The Western-backed governing bloc known as March 14 fears more assassinations to reduce its slim majority after last week’s car bombing that killed Christian MP Antoine Ghanem.

The opposition has said their deputies will not participate in the session -- meaning a two-thirds quorum needed to elect a successor to pro-Syrian President Emile Lahoud -- whose term ends on November 23, will not be achieved. The opposition wants a deal on a consensus candidate before its MPs will attend.

Disputes over the election reflect deep divisions in Lebanon between factions which want to align the country with the West and those which favor close ties with Syria and Iran.

Two pro-government MPs walked into parliament carrying a red banner with pictures of Ghanem and five other anti-Syrian MPs slain in the past two years, including former Prime Minister Rafik al-Hariri. “Don’t boycott the nation,” the banner read.

“September 25: The heart of Beirut trembles,” the frontpage headline of the pro-opposition al-Akhbar newspaper said, reflecting anxiety among ordinary Lebanese.

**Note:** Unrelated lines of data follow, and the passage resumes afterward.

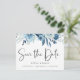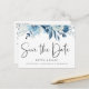 Elegant vattenfärgsdammblått och marin blommigt, bröllop spara datum vykort. Kortet har elegantens calligrafi "Save the Date" (Spara datum), på framsidan och baksidan.
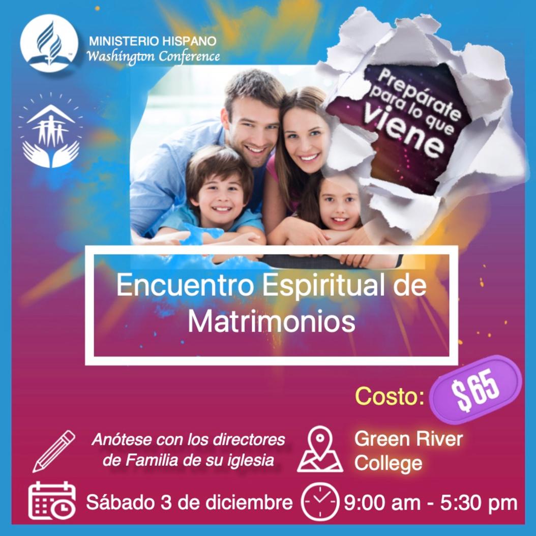 El sábado 3 de diciembre tendremos el ENCUENTRO ESPIRITUAL DE MATRIMONIOS, en el Green River College, de 9:00 am a 5:30 pm. Es un evento organizado por el área de Hogar y Familia de la Conferencia. Inscripciones con los directores del ministerio de la familia.
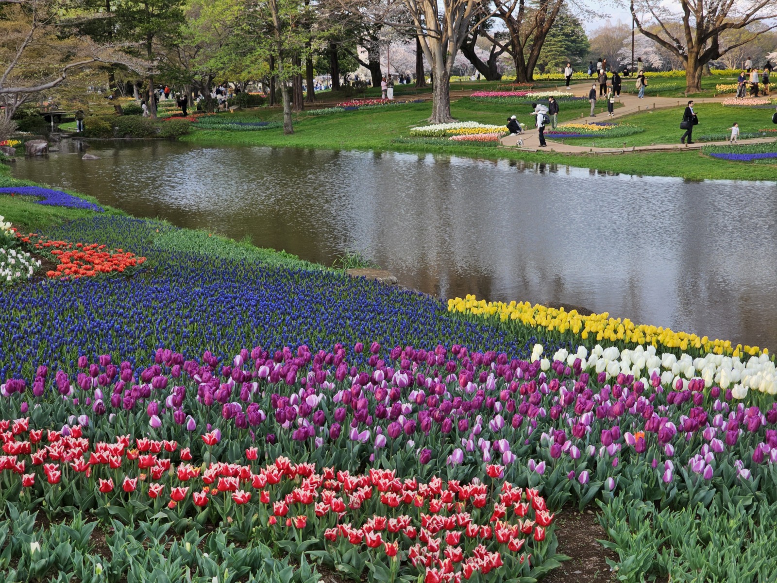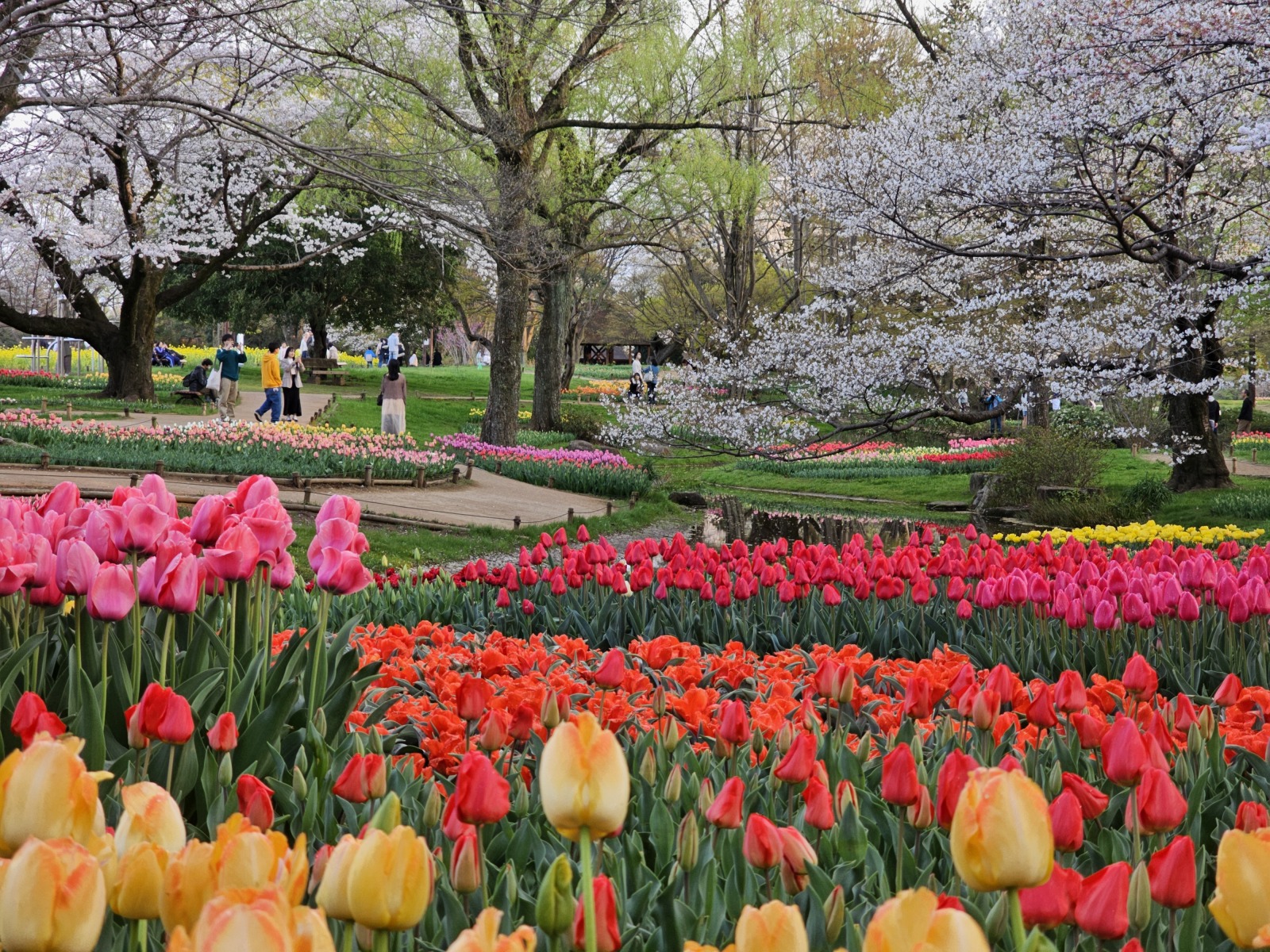 溪流廣場旁邊還有片油菜花海,往更裡面看過去可以看到還有一大片櫻花樹,可惜的是我們前面賞櫻和休息吃東西花了不少時間,來到溪流廣場的時候已經是五點多,昭和紀念公園假日是六點閉園,看完鬱金香後已經沒時間再往更裡面走,算是這次比較可惜的地方。昭和紀念公園實在是很大,要來的話還是至少安排半天以上到一天的時間才逛得完。

“The whole March 14 will attend (the session)... to reaffirm our commitment to elect a (new) president...,” anti-Syrian MP Fouad al-Saad told Voice of Lebanon radio.

Search for consensus
Parliament Speaker Nabih Berri, a close Damascus ally and leading opposition member, was due to go to his office in the chamber and possibly meet March 14 leaders there. Berri was expected to call another electoral session in October.

“I’d like to reassure the Lebanese that the climate is not as grim as everyone imagines,” he said on Monday after talks with Patriarch Nasrallah Sfeir, spiritual leader of Lebanon’s Maronite Christians. “There will be a president for Lebanon before November 24 with the consensus of all the Lebanese, God willing,” he said.

Majority leader Saad al-Hariri said Tuesday’s session was a chance to “open the door to a solution and dialogue.”

The March 14 bloc had hoped to elect one of its own members in the first presidential election since Syrian troops were forced to leave Lebanon in 2005 after Hariri’s assassination.

Security was tight around the parliament building, just a short walk from a street encampment set up by the opposition in December as part of a campaign against Prime Minister Fouad Siniora’s Western-backed government.

Troops and police lined the streets leading to parliament to provide safe passage for MPs, while others deployed across central Beirut, blocking off roads and removing parked cars.

The political crisis, Lebanon’s worst since the civil war, spilled into street clashes in January that recalled the 1975-1990 conflict. Failure to agree on a president could result in two governments -- a scenario which observers say would lay the ground for a new conflict and split the army.

Several Lebanese leaders have voiced concern over reports that some factions have been arming and training activists.